Keeping "mean = variance" in mind lets you decide already from a histogram whether Poisson alone is good enough or whether additional structure is needed.
Check 1 — Mean, variance, standard deviation
Use the formulas directly to read off the mean, variance, and standard deviation.
Q1. What is the mean of a Poisson distribution with λ = 4?
For Poisson, E[X] = λ, so the mean is 4.
Q2. What is the variance for the same λ = 4?
For Poisson, the variance is also λ, not just the mean. Here the variance is 4 as well.
Q3. For λ = 9, what is the standard deviation σ = √λ?
σ = √9 = 3.
Absolute spread grows, relative spread (coefficient of variation) shrinks
A distribution with larger λ looks wider in the bar chart. Indeed, the standard deviation √λ grows together with λ.

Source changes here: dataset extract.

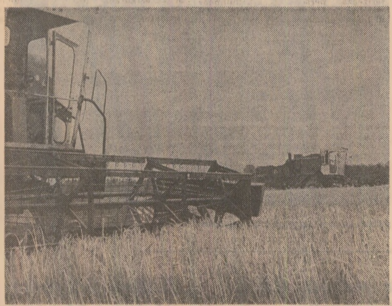
La cooperativa agricolă din Adunaţi Copăceni, judeţul Giurgiu, combinele string recolta de orz de pe ultimele hectare

But the mean grows at the same time, so in the sense of standard deviation / mean = 1 / √λ, the relative spread (the coefficient of variation) actually shrinks. From here on we call this quantity the "relative spread" or the "coefficient of variation." That is why the shape looks smoother as the counts get larger.
Check 2 — Absolute spread vs. relative spread (coefficient of variation)
As λ grows, the absolute spread grows too, but the relative spread (coefficient of variation) 1 / √λ shrinks.
Q1. Comparing λ = 1 with λ = 9, which bar chart has its center further to the right?
λ is itself the mean count, so a larger λ pushes the center further to the right.
Q2. Comparing λ = 2 with λ = 8, which has the smaller relative spread in the sense of standard deviation / mean = 1 / √λ (the coefficient of variation)?
The relative spread (coefficient of variation) is 1 / √λ, so it shrinks as λ grows.
Key takeaways from this chapter
- For Poisson, both the mean and the variance are
λ. - The standard deviation is
√λ, so the absolute spread grows with λ. - On the other hand,
standard deviation / mean = 1 / √λ, so the relative spread (coefficient of variation) shrinks. - If variance / mean drifts far from 1, suspect that Poisson alone is not enough.